::: STORED DATA

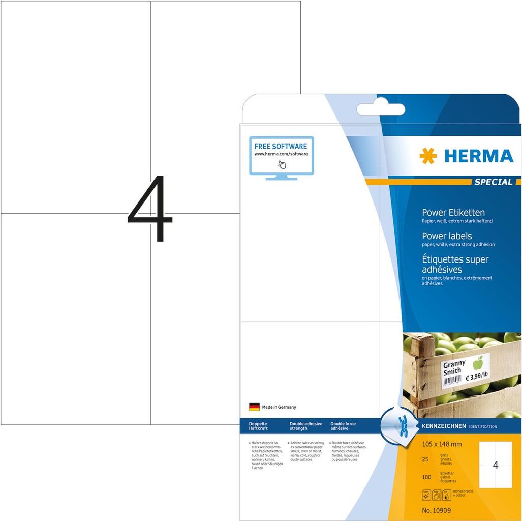 Extrem stark haftende Etiketten auf A4-Blättern, selbstklebend. Haften doppelt so stark wie herkömmliche Papieretiketten, auch auf kritischem Untergrund, z. B. feuchten, warmen, kalten, rauen oder staubigen Flächen. Ideal zur sicheren Kennzeichnung von Produkten, Dokumenten und Inventar, für Sicherheits- und Warnhinweise, für Rundbeklebung, als Prüfplakette oder Verschlussetikett, im Innenbereich. Umweltfreundlich: hochwertiges, chlorfrei gebleichtes Spezialpapier, PEFC-zertifiziert, lösemittelfreier Haftkleber. Etiketten sind 100 % recyclingfähig mit dem Altpapier, Verpackung aus Recyclingkarton. Sehr gute Druckergebnisse auf allen Laser- und Inkjetdruckern, Kopierern, Farblaserdruckern und Farbkopierern. Störungsfreie Verarbeitung durch Rundum-Sicherheitskante und optimale Planlage. Kostenlose Softwarelösungen: www.herma.de/software.
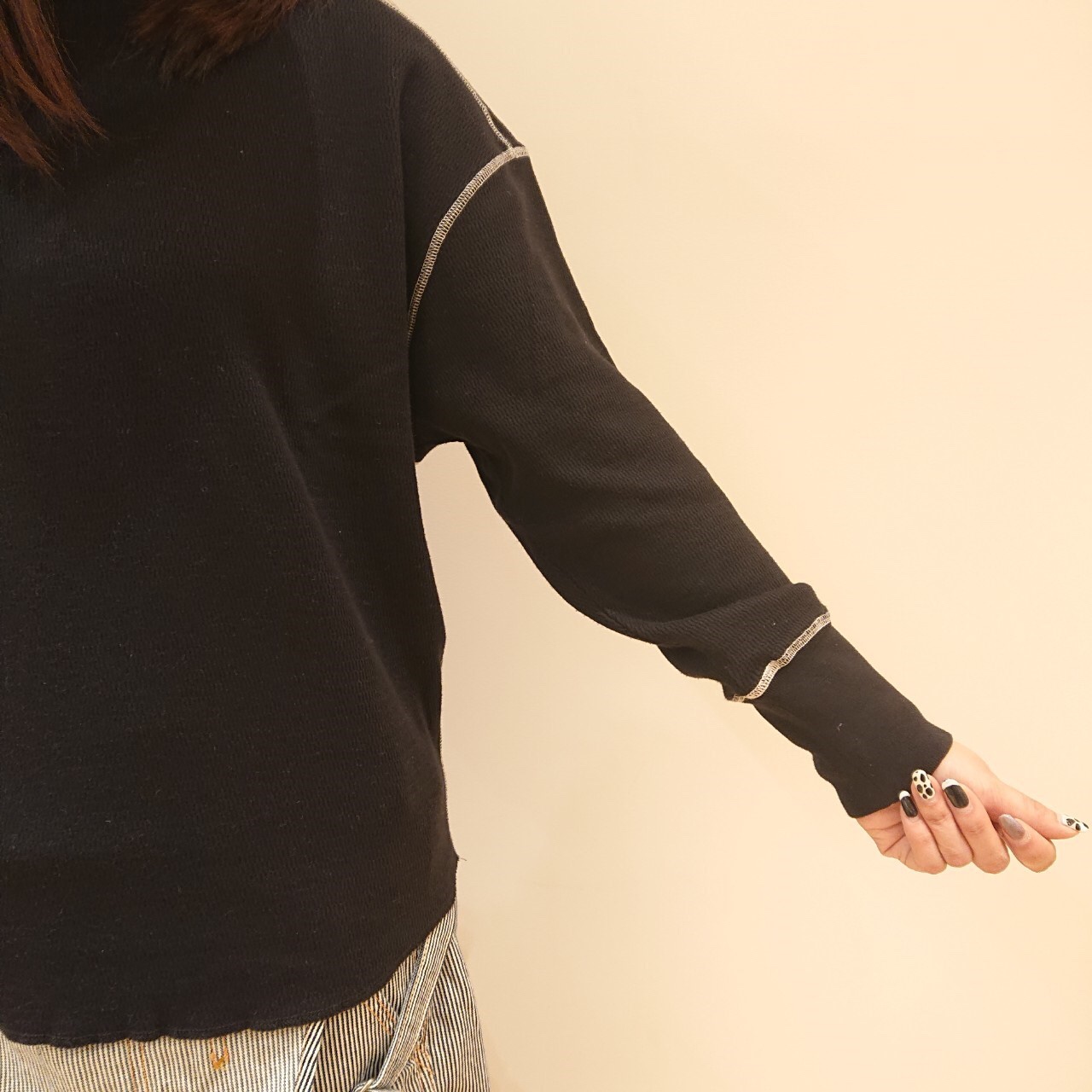 KAKELAならではの古着のようなビンテージ感が感じられるトップスです。
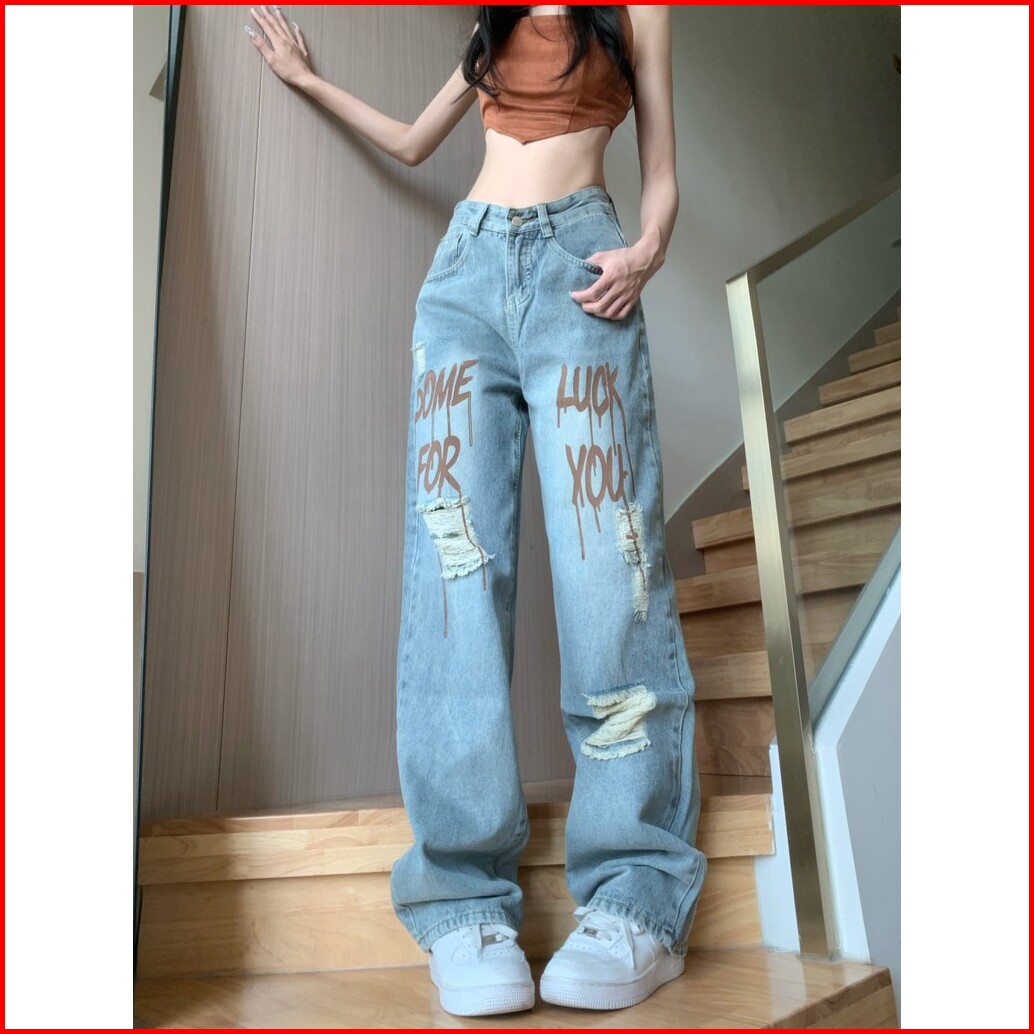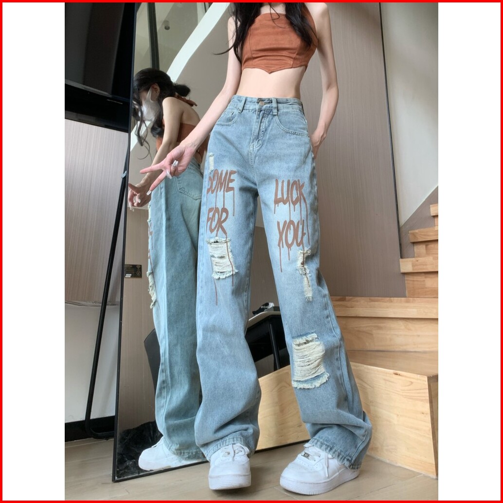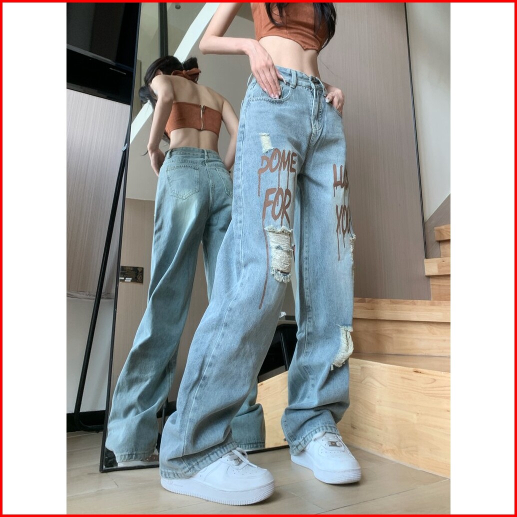 Celana Jeans Wanita Model Korea Motif Huruf Cetak Desain Robek Longgar Straight Leg Dan Gaya Kasual

::::::

** EXERCISE **
Would you copy all the material exactly, dropping the pictures?

** EXPECTED ANSWER **
 Extrem stark haftende Etiketten auf A4-Blättern, selbstklebend. Haften doppelt so stark wie herkömmliche Papieretiketten, auch auf kritischem Untergrund, z. B. feuchten, warmen, kalten, rauen oder staubigen Flächen. Ideal zur sicheren Kennzeichnung von Produkten, Dokumenten und Inventar, für Sicherheits- und Warnhinweise, für Rundbeklebung, als Prüfplakette oder Verschlussetikett, im Innenbereich. Umweltfreundlich: hochwertiges, chlorfrei gebleichtes Spezialpapier, PEFC-zertifiziert, lösemittelfreier Haftkleber. Etiketten sind 100 % recyclingfähig mit dem Altpapier, Verpackung aus Recyclingkarton. Sehr gute Druckergebnisse auf allen Laser- und Inkjetdruckern, Kopierern, Farblaserdruckern und Farbkopierern. Störungsfreie Verarbeitung durch Rundum-Sicherheitskante und optimale Planlage. Kostenlose Softwarelösungen: www.herma.de/software.
 KAKELAならではの古着のようなビンテージ感が感じられるトップスです。
 Celana Jeans Wanita Model Korea Motif Huruf Cetak Desain Robek Longgar Straight Leg Dan Gaya Kasual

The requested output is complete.